Hacker News

handoflixue 14 hours ago [ - ]

> But if you show them a jailbreak of their model that bypasses their safety, they'll tell you that any model can eventually be jailbroken so don't worry about safety.

They claim two things:

1) The specific, available jailbreak for Fable 5 is not dangerous - this has been confirmed by multiple experts, and there is no credible evidence against this claim (in other words, Anthropic is probably correct)

2) It is impossible to build an LLM that is immune to all jailbreaks. Again, there is no credible evidence against this claim, i.e. Anthropic is again entirely correct.

If #1 was false, they could just publish the details of the jailbreak - it supposedly only works on Fable 5, so there's no possible danger.

If #2 was false, surely some other LLM lab would have done it by now. Especially since a number of governments have made it clear there is a market for such a project.

mcintyre1994 14 hours ago [ - ]

Supposedly the details of the ‘jailbreak’ are that you give it insecure code and say “fix this code”, and it does, and then you ask it for test scripts and that’s effectively an exploit against the unfixed code.

If true then I have no idea how anyone’s going to release a useful model that doesn’t have the same jailbreak. https://www.theregister.com/security/2026/06/15/feds-freaked...

handoflixue 12 hours ago [ - ]

If that's the extent of the jailbreak, then the government should have banned every existing LLM - their story only makes sense if there's some Fable-specific capability that got unlocked.

le-mark 9 hours ago [ - ]

There’s no logic to it, blocking fable was retaliation and market manipulation by the current admin, nothing more. Poorly conceived as well.

Charon77 12 hours ago [ - ]

> If #2 was false, surely some other LLM lab would have done it by now.

This is a logical flaw. LLM that is immune to jailbreak _could_ exist, but not yet, or maybe nobody talks about it. Yes there's a market, but all of these AI boom is too recent to make any claims.

gf000 12 hours ago [ - ]

Like how would you even define what a jailbreak is?
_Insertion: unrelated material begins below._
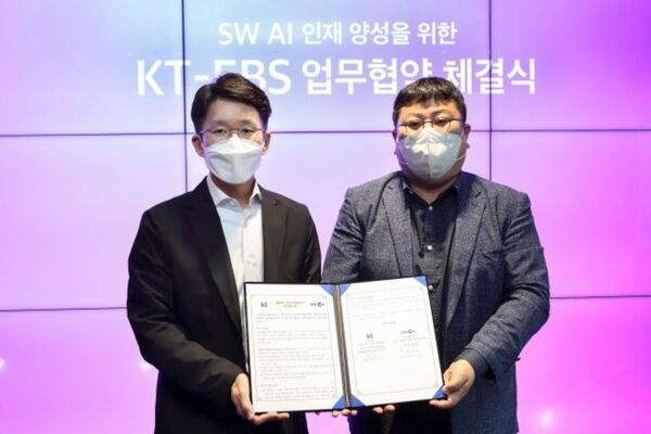 KT는 한국교육방송공사(EBS)와 '소프트웨어(SW)·인공지능(AI) 학습환경 제공을 위한 업무협약'을 체결했다고 5일 밝혔다.
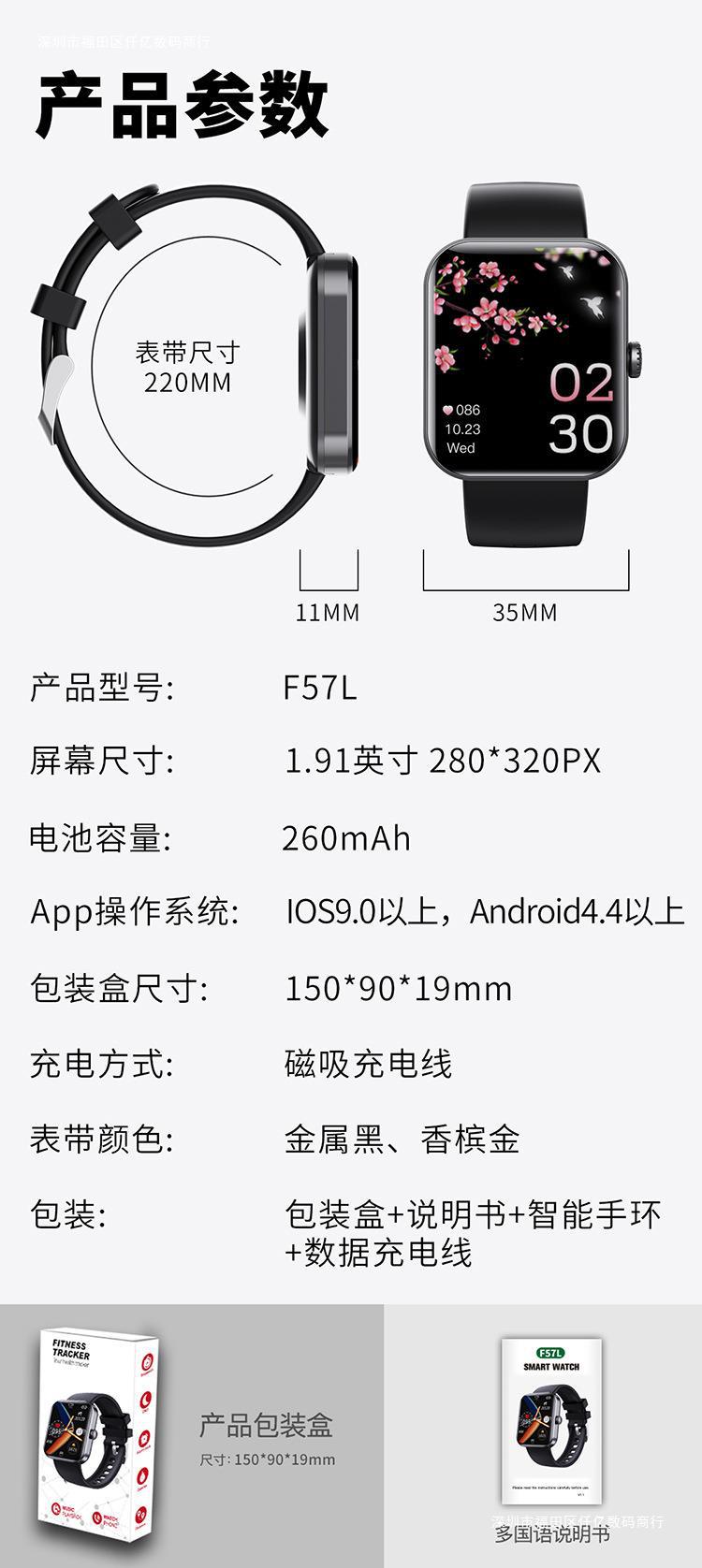 Nueva F57L reloj inteligente del ritmo cardíaco termómetro paso pulsera deportes información push monitoreo sueño

Charon77 11 hours ago [ - ]

I think pretty much parallel to how social engineering, manipulation, scams work. LLMs are being trained to have human values, prioritizing human lifes, yet people are shocked it will spurt out how to make a nuclear bomb because grandma is being tied to a train track as a hostage.

NavinF 2 hours ago [ - ]

I would also spurt out how to make a nuclear bomb (ie public information you can find using google) if I was told that's what I gotta do to save grandma tied to a train track as a hostage. "AI safety" is such a shit show.

agos 13 hours ago [ - ]

I'm pretty sure that Gödel incompleteness theorem and its consequences pretty much guarantee #2

gwd 12 hours ago [ - ]

I'm guessing you mean, the incompleteness theorem guarantees that nobody can prove their model is un-break-able?
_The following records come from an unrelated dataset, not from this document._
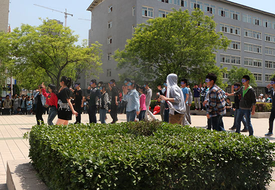 2014年5月6日午12点20分许,计算机科学与技术学院、新葡的京集团35222vip艺术团组织部分同学在迎西校区智林广场开展了一次“快闪”活动。本次活动以“闪动青春”为主题,展示大学生青春活力的同时为母校生日献礼。
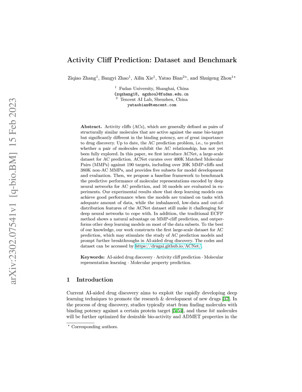 Activity cliffs (ACs), which are generally defined as pairs of structurally similar molecules that are active against the same bio-target but significantly different in the binding potency, are of great importance to drug discovery. Up to date, the AC prediction problem, i.e., to predict whether a pair of molecules exhibit the AC relationship, has not yet been fully explored. In this paper, we first introduce ACNet, a large-scale dataset for AC prediction. ACNet curates over 400K Matched Molecular Pairs (MMPs) against 190 targets, including over 20K MMP-cliffs and 380K non-AC MMPs, and provides five subsets for model development and evaluation. Then, we propose a baseline framework to benchmark the predictive performance of molecular representations encoded by deep neural networks for AC prediction, and 16 models are evaluated in experiments. Our experimental results show that deep learning models can achieve good performance when the models are trained on tasks with adequate amount of data, while the imbalanced, low-data and out-of-distribution features of the ACNet dataset still make it challenging for deep neural networks to cope with. In addition, the traditional ECFP method shows a natural advantage on MMP-cliff prediction, and outperforms other deep learning models on most of the data subsets. To the best of our knowledge, our work constructs the first large-scale dataset for AC prediction, which may stimulate the study of AC prediction models and prompt further breakthroughs in AI-aided drug discovery. The codes and dataset can be accessed by https://drugai.github.io/ACNet/.
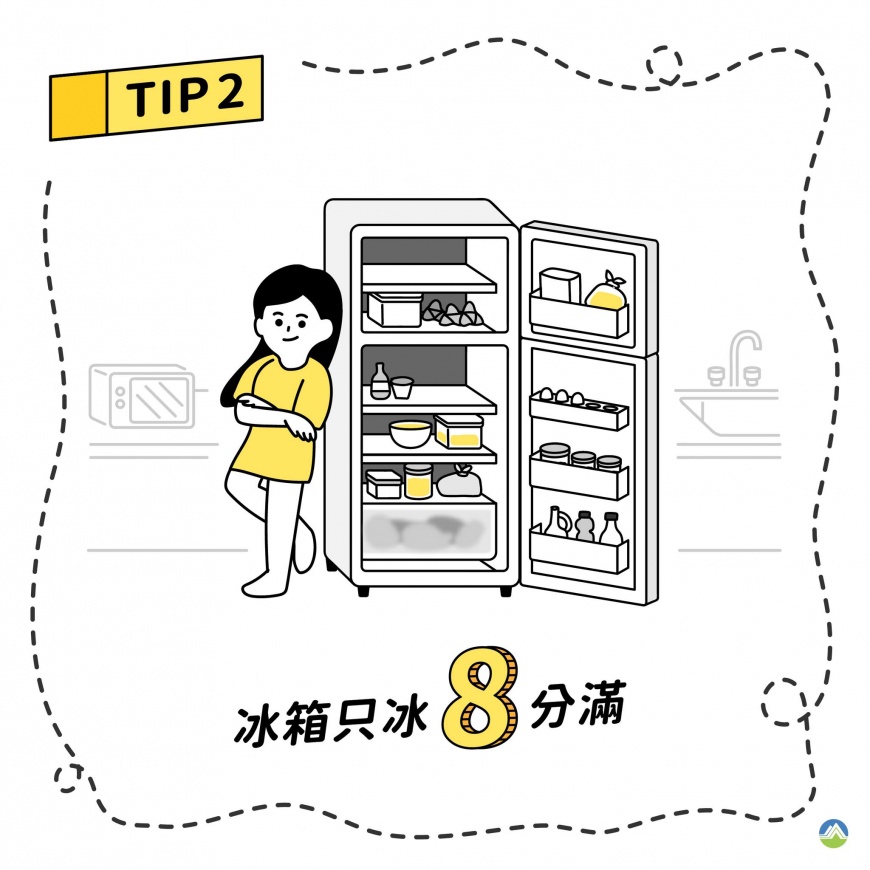 工研院綠能所經理蘇娟儀受訪時也解釋,冰箱若塞太滿,恐導致對流不順,相對來說會更加耗電,損壞率也更高,因此應該盡量留空隙來保存冷凍、冷藏品;此外,要切記檢查冰箱膠條,因為膠條用久吸力不足,也會讓冷氣外洩,一年恐多花200元電費。
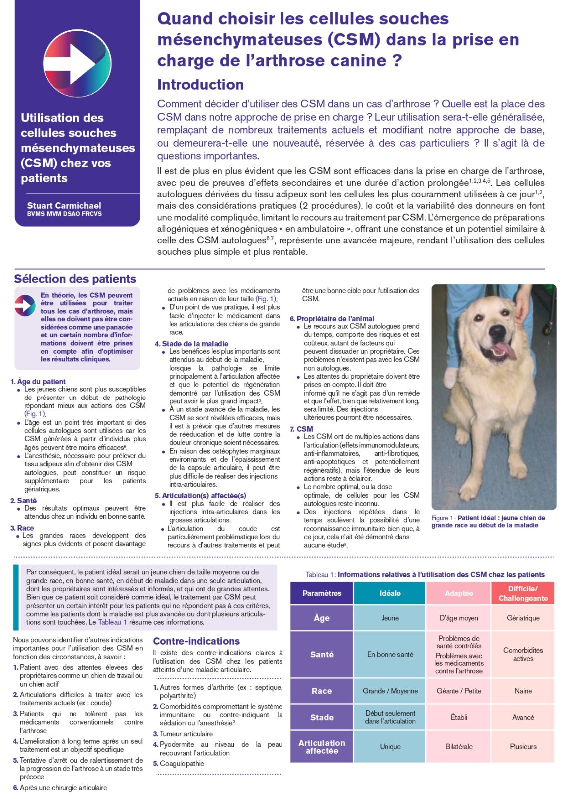 Comment choisir les cellules souches mésenchymateuses (CSM) dans la prise en charge de l’arthrose canine ?

I don't think that's quite what it means. The theorem says that it's impossible to write a function, "will_halt(program, input)", that will be correct for all possible {program, input} pairs. But for a particular program, you may be able to write a proof that it will halt for all inputs -- that's what software verification is about.

The implications here would be that nobody can create a "will_jailbreak(model, input)" function which works for all model/input pairs. But we don't need a general function which works for all model/input pairs; we just need a way to prove that for a specific model, there will be no jailbreaks for any input. As with software verification, this may require that the model be developed in a specific way.
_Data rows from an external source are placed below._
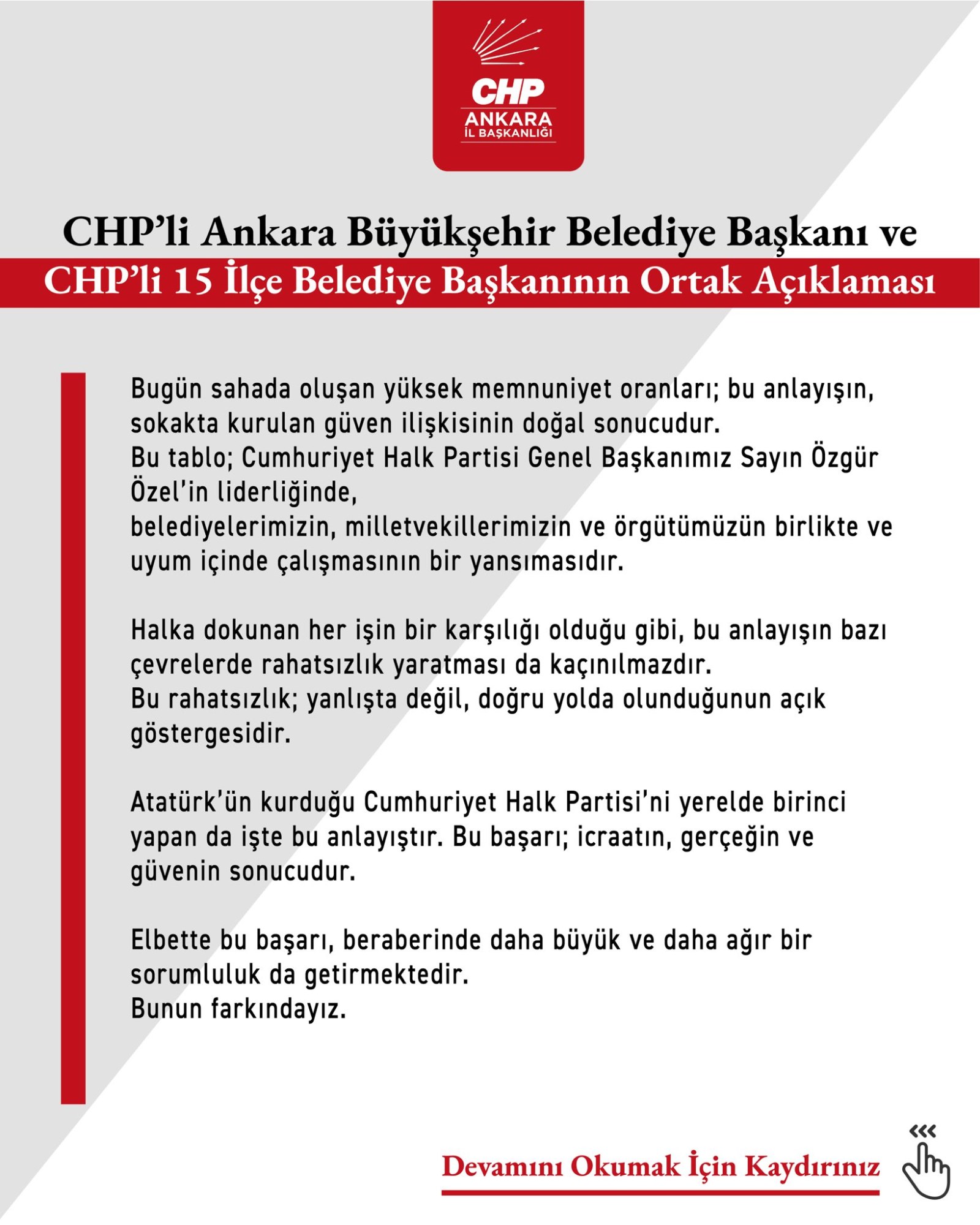 Dikkat çeken ifadelerden biri de, "Halka dokunan her işin bir karşılığı olduğu gibi, bu anlayışın bazı çevrelerde rahatsızlık yaratması da kaçınılmazdır. Bu rahatsızlık; yanlışta değil, doğru yolda olunduğunun açık göstergesidir" oldu. Açıklamada, CHP'nin yerelde birinci parti olmasının, icraat, gerçeklik ve güvenin sonucu olduğu da dile getirildi.
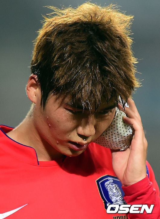 경기 후반 우루과이 고딘에게 팔꿈치 가격을 당한 기성용이 얼음 찜질을 하고 있다./youngrae@osen.co.kr
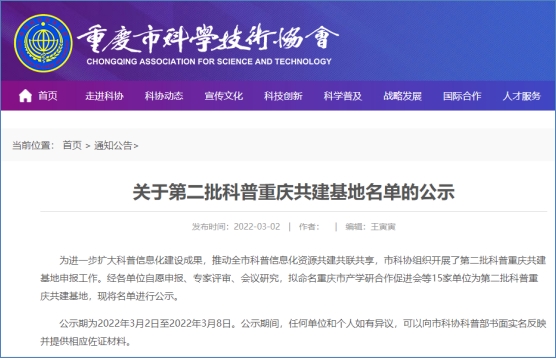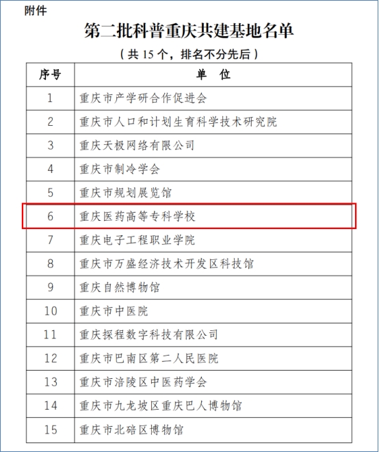 为进一步扩大科普信息化建设成果,推动全市科普信息化资源共建共联共享,2021年12月市科协组织开展了第二批科普重庆共建基地申报工作,经评审,我市15家单位入选第二批科普重庆共建基地。我校临床医学院牵头申报的“急救科普教育培训基地”成功入选第二批科普重庆共建基地。
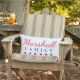 Home accent lumbar pillow features a custom family last name / surname monogram in patriotic red, white, and navy blue colours.
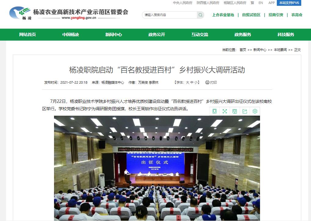 7月22日,杨凌职业技术学院乡村振兴人才培养优质校建设启动暨“百名教授进百村”乡村振兴大调研出征仪式在该校南校区举行。学校党委书记陈宁为调研服务团授旗,校长王周锁作出征仪式动员讲话。
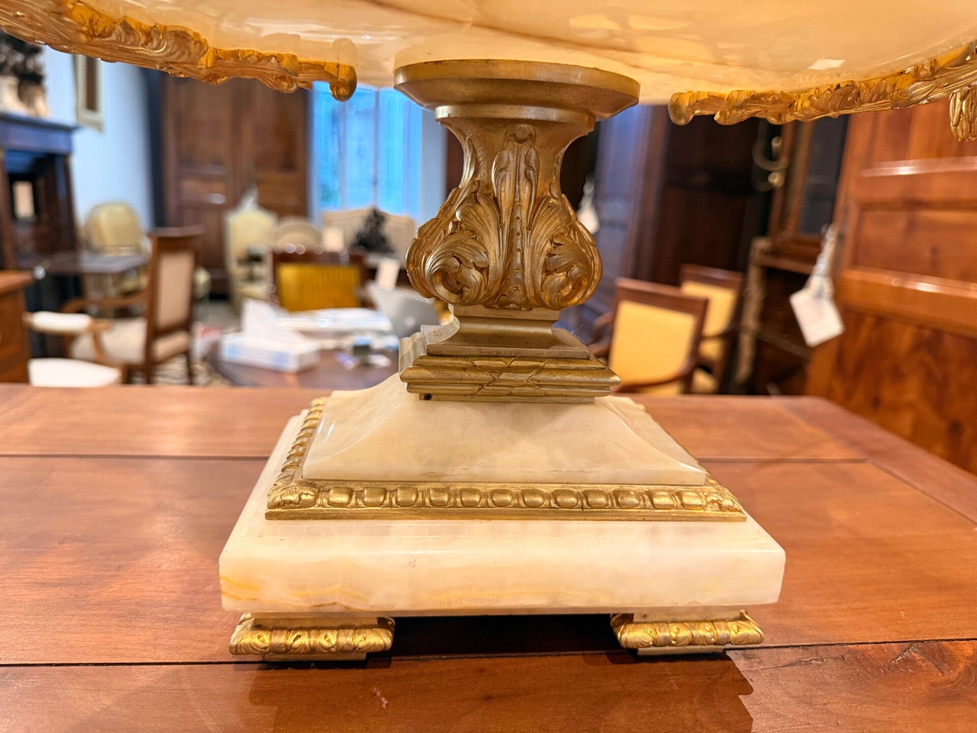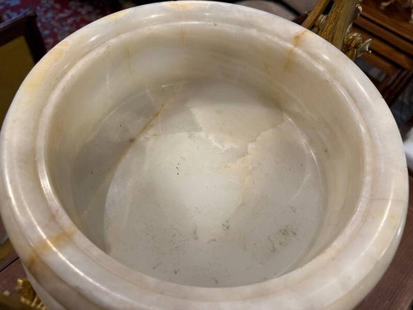 Grand Cratère En Centre De Table en Onyx Blanc, Bronze Ciselé Doré - 1850

Granted we don't currently know how to make such a proof regarding neural networks; but that's not because of Gödel.

dgellow 12 hours ago [ - ]

Mind to elaborate?

Zababa 10 hours ago [ - ]

No actually I don't think it does and I don't think they're related.

monkey_monkey 12 hours ago [ - ]

Exactly. It's impossible to guarantee #2 doesn't happen (ie protect against all jailbreaks) for any system of sufficient complexity.